The accurate identification of the whole MC structure in the mandible is an essential prerequisite for the preoperative planning of third molar extractions and implant surgeries to avoid any surgical complications7. However, the exact recognition of the entire canal structure is considered to be a challenging and delicate task for several reasons15. CBCT, the most commonly used 3D dental imaging tool, has lower contrast than CT, which negatively affects the ability to distinguish MCs10,42. As a result, the low visibility of MCs, such as in ambiguous or unclear cortical bone regions, affects the structural continuity of MC segmentation in CBCT images10,14. Furthermore, the visibility of the MC itself is low due to variable cortications and bone densities of the canal wall, the diverse travel courses of the canal, and the spread of vessels and nerve branches15,43,44,45,46,47. The Canal-Net could be used in automatic and robust 3D segmentation of the MC structure for the preoperative planning of third molar extractions and implant surgeries to avoid any surgical complications when using CBCT images. The automatic segmentation of the MC volume by the Canal-Net could provide clinicians with accurate identification of the MC structure in the mandible with high consistent accuracy throughout the entire MC volume ranging from the mental foramen to the mandibular foramen while reducing time and effort.
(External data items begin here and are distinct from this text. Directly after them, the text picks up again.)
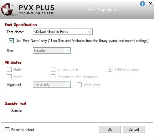 Select this check box to reset the font properties to the default settings. The default settings are <Default Graphic Font>, Regular size with ANSI characters. |
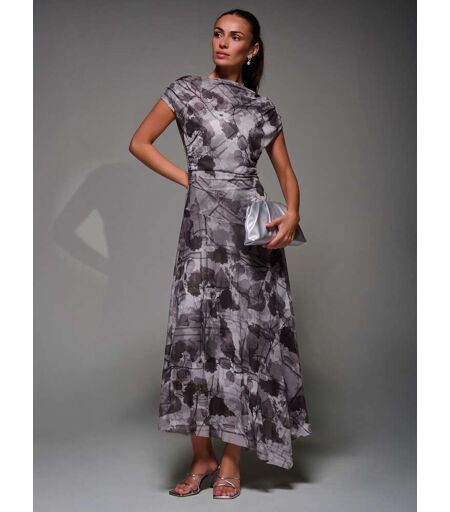 Jolie Moi Jolie Moi Robe Midaxi asymétrique drapée à col coupé Gris 40
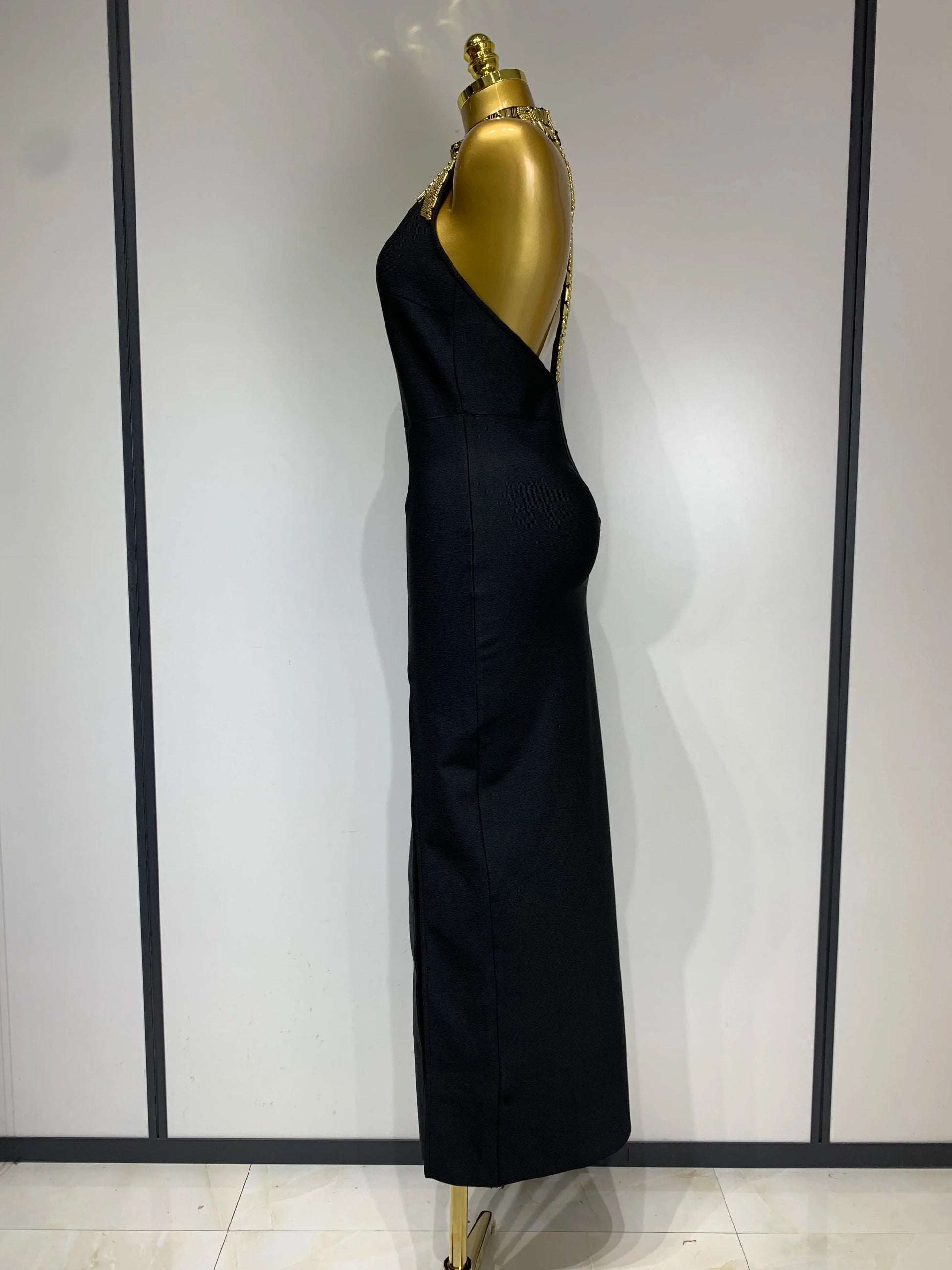 Women Fashion Celebrity Sexy Backless Beading Midi Black Bodycon Bandage Dress Elegant Evening Club Luxury Birthday Dresses

However, our study had several limitations. First, as there was the problem of reducing the memory requirements for dealing with large amounts of data when using deep 3D networks running on the GPU, it was necessary to optimize the way the memory was used in order to maximize GPU utilization. Therefore, we used the cropped images with smaller dimensions than the original, and preprocessing of the images required additional time and labor. Second, our study had a potential limitation of generalization ability due to using internal data from a single organization. Overfitting of training a deep learning model, which resulted in the model learning statistical regularity specific to the training dataset, could negatively impact the model’s ability to generalize to a new dataset49. Although the proposed network did not show the presence of overfitting for the internal dataset in the five-fold cross-validation, it needs to be trained and evaluated using large datasets from multiple organizations or devices for generalization. Third, the results presented in this study were based on datasets from 50 patients. The proposed method needs to be evaluated for datasets from more patients with various dental restorations and implants. In future studies, we will improve the generalization ability and clinical efficacy of the Canal-Net by using large CBCT datasets acquired under various imaging conditions from multiple organizations or devices.

Conclusions

In this study, we proposed a continuity-aware contextual network (Canal-Net) that was robust to ambiguous or unclear cortical bone regions of the MC and lower contrast of CBCT images in 3D segmentations of the entire MC. The Canal-Net was designed based on a 3D U-Net with the ConvLSTM under the multi-task learning framework using MPL in order to complementally learn anatomical contexts and global structural continuity information. As a result, the Canal-Net achieved substantially enhanced performances compared to other networks such as 2D U-Net, SegNet, 3D U-Net, MPL 3D U-Net, and ConvLSTM 3D U-Net in 2D and 3D performances. Furthermore, Canal-Net demonstrated automatic and robust 3D segmentation of the entire MC volume by improving structural continuity and boundary details of the MC in CBCT images. The Canal-Net could be contributed to accurate and automatic identification of the MC structure for the preoperative planning of third molar extractions and implant surgeries to avoid any surgical complications.